C’è un “genio della donna nella Chiesa e nella società” da (ri)scoprire e (ri)conoscere. Lo ha detto e scritto Massimo Camisasca, vescovo di Reggio Emilia e Guastalla, nel suo “discorso alla Città nella Solennità del patrono San Prospero”, caduta venerdì scorso, alla vigilia della Giornata internazionale indetta dall’Onu contro la violenza sulle donne. Una riflessione, quella del fondatore della Fraternità Sacerdotale San Carlo Borromeo, subito radicata nel magistero di Papa Francesco — “Se la Chiesa perde le donne rischia la sterilità” — e altrettanto rapidamente indirizzata sul fronte dell’umana quotidianità.

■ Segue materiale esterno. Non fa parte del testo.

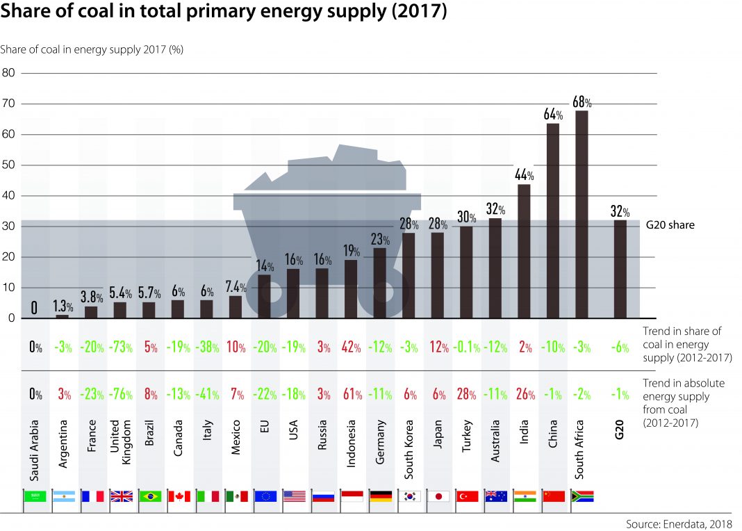 Share of coal in total primary energy supply, 2017
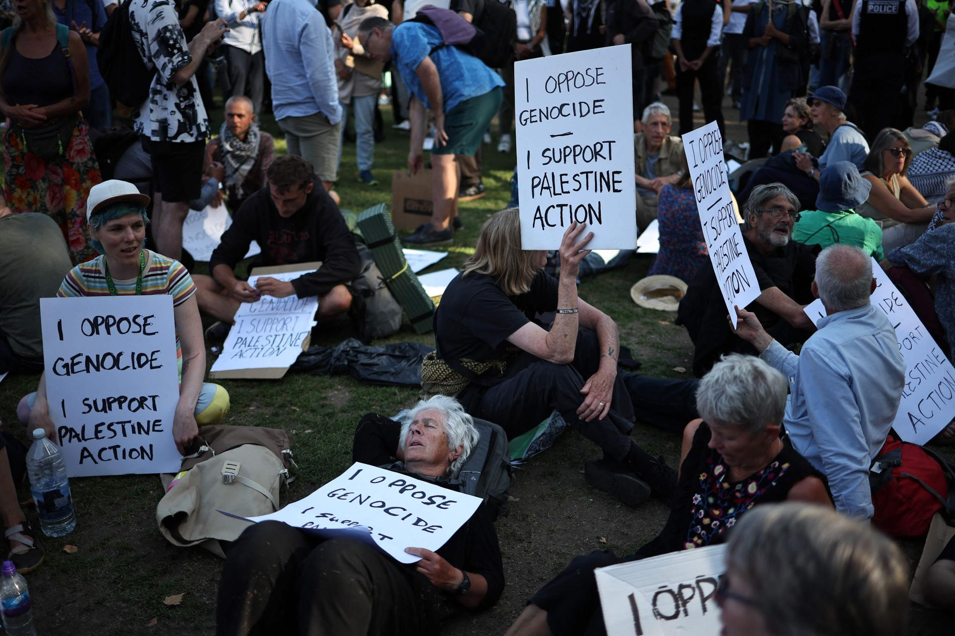 Neki iz gomile, koja je sjedila na travi unutar Trga Parlamenta, viđeni su kako u 13 sati na transparentima ispisuju: "Protivim se genocidu, podržavam Akciju za Palestinu"..
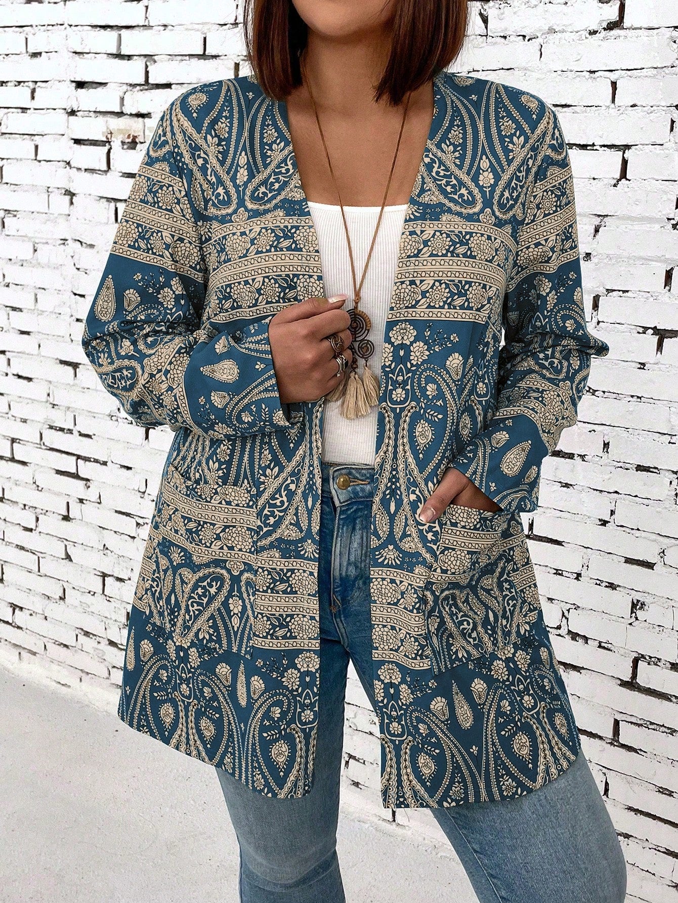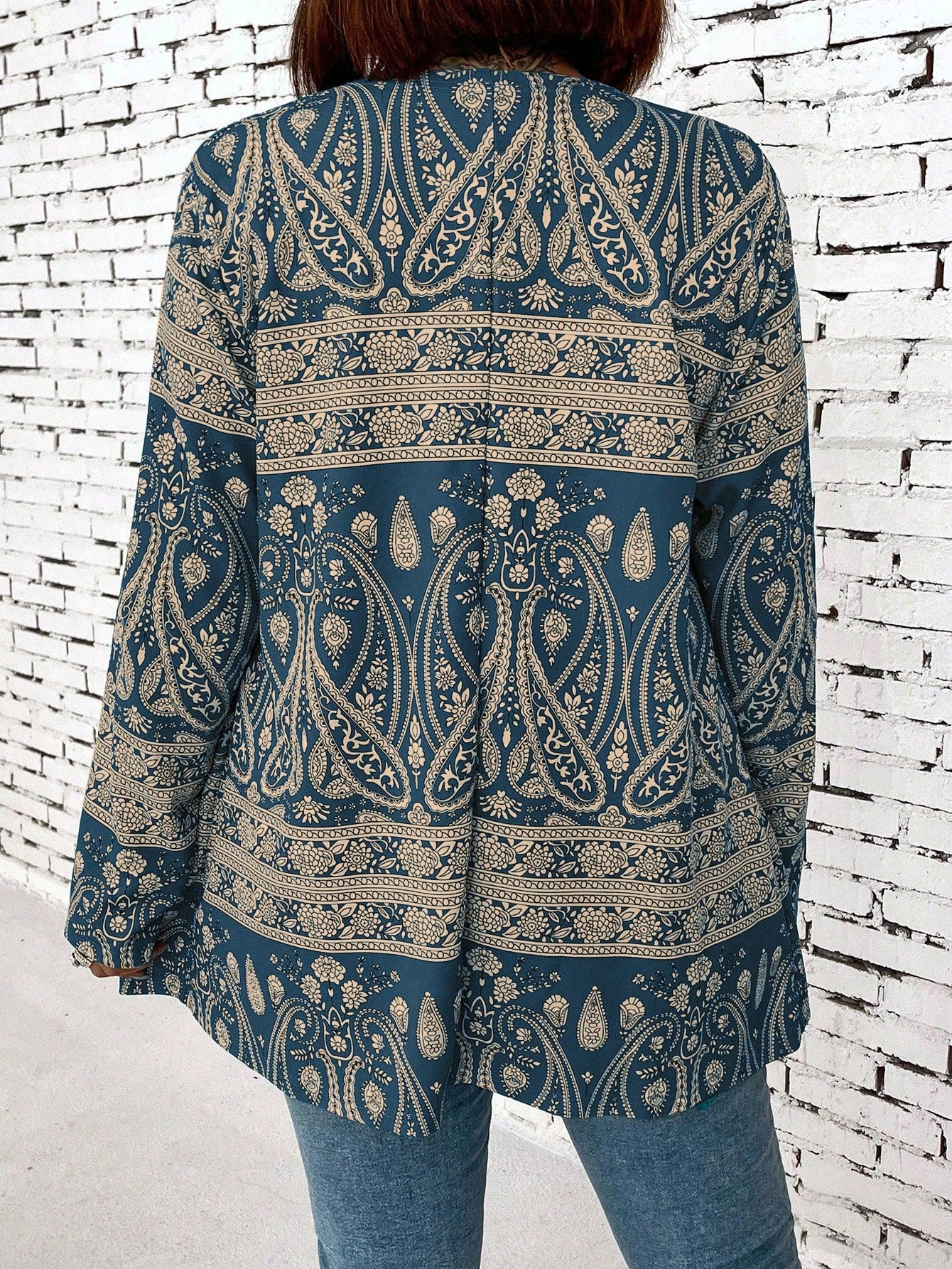 جاكيت نسائية بطباعة بيزلي ومقاس زائد مفتوحة من الأمام

“Il mondo del lavoro — sottolinea Camisasca già alla ventesima riga — non ha avuto e non sembra avere molto rispetto per le donne e la funzione materna. La donna deve confrontarsi con un’impostazione ancora improntata a codici maschili”. Non per questo le donne appaiono remissive: “Nonostante la crisi economica, la maggior precarietà lavorativa rispetto agli uomini e la mancanza di una cultura della flessibilità che determina una complessa conciliazione fra i tempi di vita, le donne non sembrano giustamente rinunciare né alla dimensione familiare né a quella lavorativa”. Anche se è “una fatica”, anche se è sotto gli occhi di tutti “una contrazione della dimensione procreativa o una rinuncia all’impegno lavorativo extradomestico”.
Sul “doppio sì” che molte donne continuano a pronunciare e praticare ogni giorno, la società e la cultura restano in ritardo: “Un passaggio complesso e non certo giunto a completezza è anche il frutto, non privo di ambivalenze e contraddizioni, della riflessione sollecitata a partire dagli anni Settanta del secolo scorso, dal movimento femminista, ed approfondita recentemente da alcune teoriche del femminismo più avveduto”.
La sfida però è apertissima, “interroga tutta la società fino a mettere in questione l’assetto del mercato del lavoro e del welfare”, non escluso “il mancato riconoscimento del lavoro domestico e della cura femminile sotto il profilo sociale ed economico”. Ma le donne continuano ad apparire in credito anche verso la società politica. “Per le istituzioni politiche modernizzanti, il complesso di diritti-doveri non deve avere distinzioni fra uomo e donna”, osserva Camisasca. Il sistema politico ha inteso farsi “grande alleato delle donne mediante il welfare state”, si è rivelato poi per certi aspetti “una trappola per le donne stesse”, relegate a un ruolo di “assistite” piuttosto che di “protagoniste”, di titolari di una speciale “cittadinanza sociale”.
“I dati Istat mettono in luce come la violenza veda spesso come protagonista il partner o l’ex partner”, annota il Discorso, che segnala “la gravità del fenomeno” assieme a lievi segni di miglioramento, forse riconducibili alla maggior consapevolezza acquisita dalle donne, più propense a parlare della propria vicenda e a denunciarla”.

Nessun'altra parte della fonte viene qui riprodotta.